What I Have to Work With
I have a folder with ~75,000 JSON files. They all have the same structure; here is an example of what they look like (more on that below):
{
"id": 93480
"author": "",
"joined by": [],
"date_created": "2010-04-28T16:07:21Z"
"date_modified": "2020-02-21T21:42:45.655644Z"
"type": "010combined",
"page_count": null,
"plain_text": "",
"html": "",
"extracted_by_ocr": false,
"cited": [
]
}
One way that the real files differ from the above is that either the "plain_text" or the "html" key will have an actual value, namely text (whether plaintext or HTML). The length of that text can vary from a couple of sentences to over 200 pages worth of text. Thus, the JSON files range in size from 907 bytes at the smallest to 2.1 MB.
What I'm Trying to Do
I want to be able, essentially, to search through all the files for a word or phrase contained in either the plain_text or HTML fields and, at a minimum, return a list of files containing that word or phrase. [Ideally, I'd do other things with them, as well, but I can figure that stuff out later. What I'm stumped on is where to begin.]
What I Can't Figure Out
Whether to even bother with a document-store db like MongoDB (or PostgreSQL). If that's the appropriate way to handle this, I'm open to working my way through it. But I can't even tell if that's how I should attack the problem, or if I should instead just use a Python script to iterate over the files in the folder directly. Can you use populate a DB with all the files in a folder, then search for a substring in each row? The fact that some of these files have a ton of text in one of the values makes it seem weird to me to use a DB at all, but again: I don't know what I'm doing.

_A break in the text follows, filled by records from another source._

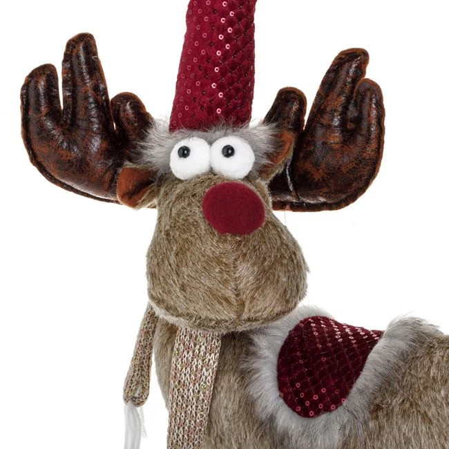 Karácsonyi Dekoráció – Barna Őz Bordó Sapkával 60cm
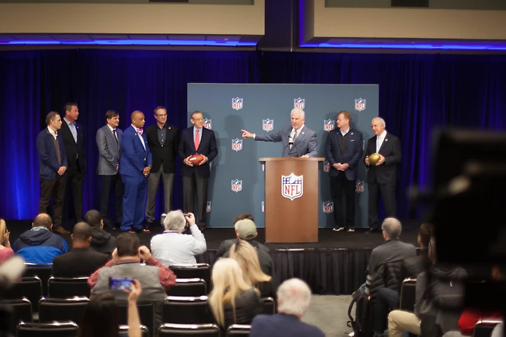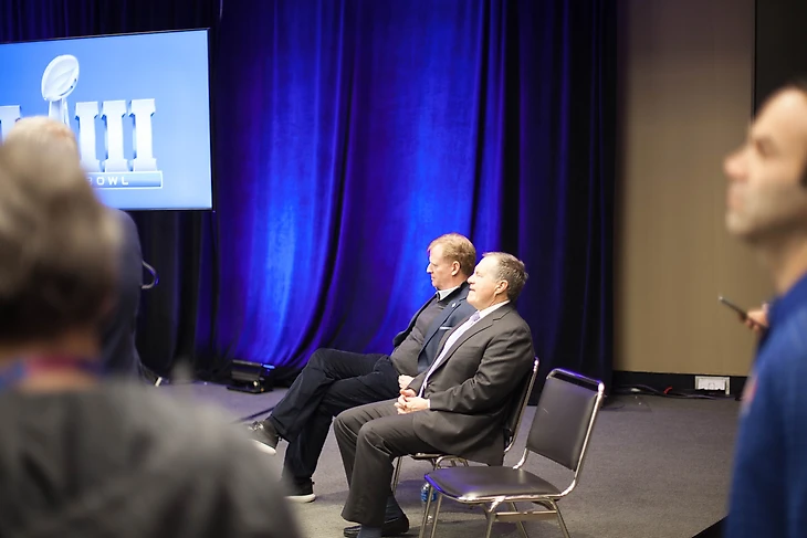 Перед пресс-конференцией происходит представление города-хозяина следующего Супербоула. Им будет Майами. На сцене футбольные и муниципальные функционеры из Флориды (среди них владелец команды Стивен Росс, мэр округа Майами Дэйд Карлос Хименес и великий Дэн Марино) рассказывают, какой прекрасный у них город и какой чудесный Супербоул нас ждет. «Если вы не были в Майами 10 лет, знайте – сейчас у нас все по-другому! Это чистый, безопасный и дружелюбный город! Мы ждем вас в 2020 у нас!» — вот основной посыл функционеров из Флориды.
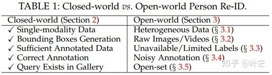 全文的综述和展望都是围绕这五个步骤来展开和讨论的。针对以上五个步骤的一些约束条件,本文将ReID技术分为 Closed-world 和 Open-world 两大子集。Closed-world 概括为大家常见的标注完整的有监督的行人重识别方法,Open-world 概括为多模态数据,端到端的行人检索,无监督或半监督学习,噪声标注和一些 Open-set 的其他场景。
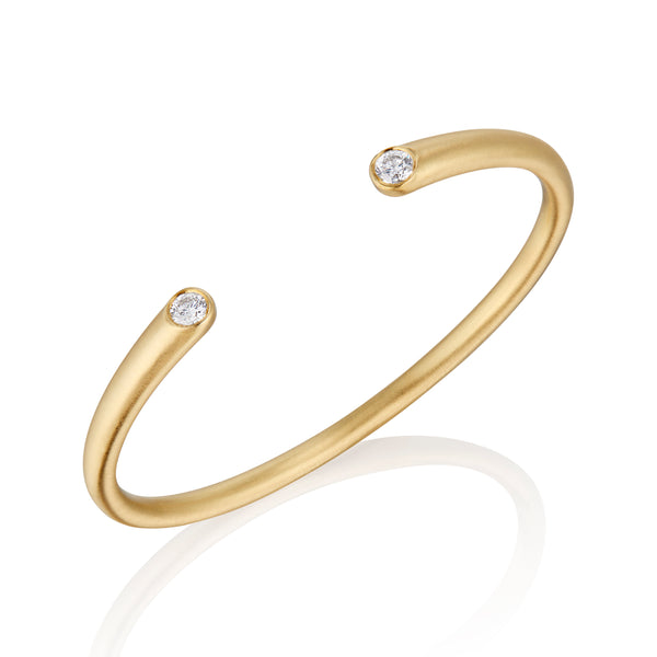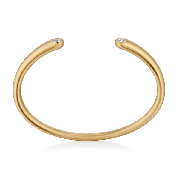 The Thor(vi) Diamond Open Cuff draws on the diamond pieces woven throughout the collection. A physical representation of the duality between strength and softness, a warm glow undulates across the almost soft-to-the-touch, satin gold finish on this solid 18K yellow gold cuff. The high-quality 4mm diamonds are seamlessly incorporated into the caps of the open cuff and bring a stunning sparkle to this luxurious bracelet.

I think I know to iterate over the files directly with Python. I know how to open files, and I know how to get a list of keys from JSON files. But how do you search for a matching substring in two JSON values? And then, if the substring is found in one of them, how do you return the "id" field to a list, close the file, and move to the next one? (I mean, obviously, the basic structure is a conditional. Here's the logical structure of what I'm thinking here:
- Variable = "substring I want to match"
- List = [] # Will hold ids of files containing variable
- Open file
- Read file to the end
- Search file [or just the two JSON keys?] for variable
- If variable found append "id" to list
- Close file
- Move to the next one in the directory
It's the actual code part that I'm stumbling over.